Rompere il silenzio sul sistema chiuso imposto dal governo

Rompere il silenzio sul sistema chiuso imposto dal governo

web-pol1-commento-gonnella-archivio-manifestodi Patrizio Gonnella su il manifesto dell'8 febbraio 2026

Non c’è umanità e non c’è clemenza per le quasi 64 mila persone recluse in carcere. Non c’è pietà per i 262 morti dal primo gennaio 2025 a oggi. Non c’è giustizia per gli 86 detenuti suicidatisi negli ultimi 13 mesi. Non c’è speranza di futuro per i 579 ragazzi ristretti negli istituti penali per minori. I numeri impietosi di un sistema in crisi non sono però da soli sufficienti per comprendere le condizioni drammatiche di vita delle persone detenute. 

Bisogna andare nelle sezioni di Sollicciano a Firenze, Dozza a Bologna, Regina Coeli a Roma, San Vittore a Milano, Poggioreale a Napoli, Due Palazzi a Padova per capire come si vive veramente negli istituti penitenziari. È necessario guardare con i propri occhi lo stato delle celle affollate, sentire i rumori assordanti e le grida disperate, ascoltare la voce degli operatori, leggere gli ordini di servizio e le circolari che sempre di più si sostituiscono alle leggi reinterpretando in chiave restrittiva l’ordinamento penitenziario e la Costituzione. 

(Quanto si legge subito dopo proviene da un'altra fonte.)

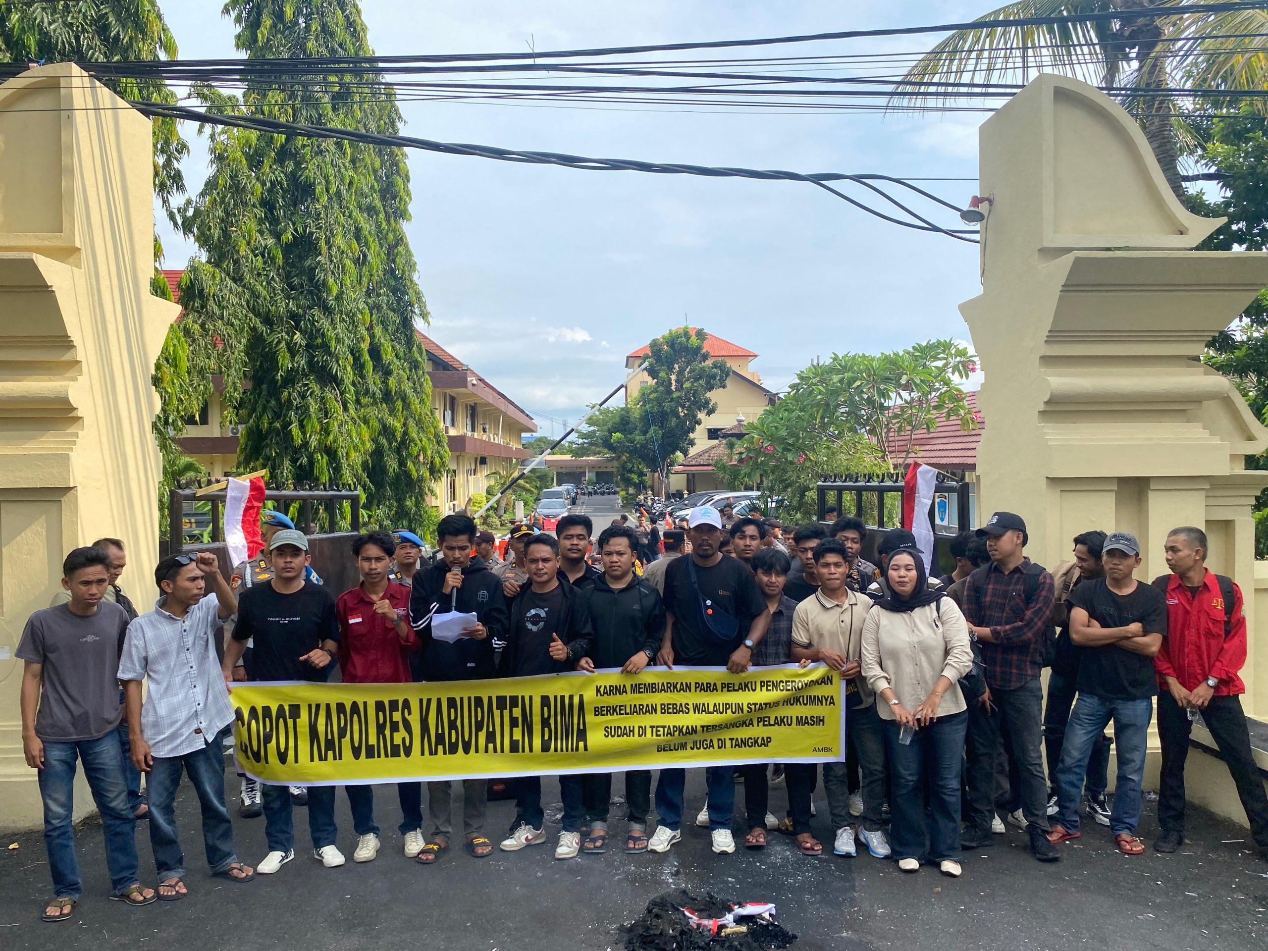 Dalam aksinya, massa membawa berbagai spanduk dan poster berisi tuntutan agar aparat penegak hukum (APH) bertindak tegas dan profesional. Mereka menilai bahwa kinerja Satuan Reserse Kriminal (Sat Reskrim) Polres Bima Kabupaten tidak maksimal, sehingga menimbulkan ketidakpercayaan publik terhadap proses penegakan hukum.

Nelle carceri vi sono condizioni igienico-sanitarie patogene, si respira tensione, la vita scorre tristemente in celle malmesse e sovraffollate. Nel frattempo un tribunale a Torino ha condannato venerdì un gran numero di agenti per abusi e tortura. Alcuni sindacati di Polizia penitenziaria hanno preteso di tornare a un carcere pre-moderno, chiuso, militarizzato, governato con tecniche di ordine pubblico e lo hanno in parte ottenuto. Di fronte a ogni problema, inevitabile nella comunità penitenziaria, si procede a trasferimenti delle persone detenute, dolorosi e inutili a risolvere la questione. 

Gli esseri umani sono trattati come pacchi, disinteressandosi a ogni prospettiva di reintegrazione sociale o di rispetto del diritto alla vicinanza ai propri affetti. Della funzione rieducativa della pena, di per sé già mitologica, resta solo l’affannarsi di operatori e volontari che non abbandonano del tutto il campo a chi vorrebbe governare il sistema con spray al peperoncino (che ha di recente fatto ingresso in carcere), body cam e blindi chiusi. Quanto accaduto nel carcere di Padova è paradigmatico. 

Per decisione amministrativa un gruppo di detenuti della sezione Alta Sicurezza è stato sparpagliato in altri istituti in giro per l’Italia. Persone che erano lì da anni e che avevano nella loro cella e nelle relazioni locali le poche certezze di una vita difficile. Non ci si può sorprendere se, disperato, uno di loro si è tolto la vita pur di evitare il trasferimento. A Roma venerdì è accaduto un fatto politicamente rilevante. Associazioni, istituzioni, operatori hanno deciso di non essere silenti di fronte a un sistema che sta andando velocemente verso il baratro, inseguendo una spirale custodialistica e repressiva che entusiasma tanto chi vorrebbe asfissiare carceri e carcerati. Di questo passo saranno, però, asfissiati anche coloro che lavorano in carcere. 

Un’asfissia che potrebbe pericolosamente condurre a un processo di progressiva assuefazione alle peggiori pratiche penitenziarie. Settanta anni fa Danilo Dolci fu arrestato per avere organizzato uno sciopero alla rovescia. Fu difeso nel processo da Piero Calamandrei che qualche anno prima aveva chiesto alle istituzioni di aprire un’inchiesta sulla tortura nelle carceri italiane. 

Non so in cosa potrebbe consistere oggi uno sciopero alla rovescia di volontari e operatori penitenziari, associazioni e istituzioni di garanzia. Ad esempio, potrebbe significare che si moltiplichino le visite, le presenze, le offerte di aiuto, i colloqui, le proposte di iniziative culturali, sportive, educative. Che si vada in carcere con giornalisti, sindaci, vescovi, imprenditori in modo che tutti abbiano chiaro cosa significa stare in tre persone per venti ore al giorno in celle fatiscenti. Carceri dove si vive come in una giungla. L’assemblea di Roma ha mostrato una società civile ricca, articolata, reattiva. Esiste un mondo di operatori, associazioni, garanti, cooperative che costituisce il baluardo della legalità penitenziaria. Deve avere la forza di proporsi come una grande alleanza costituzionale in alternativa a chi nelle istituzioni intende dismettere il proprio ruolo democratico.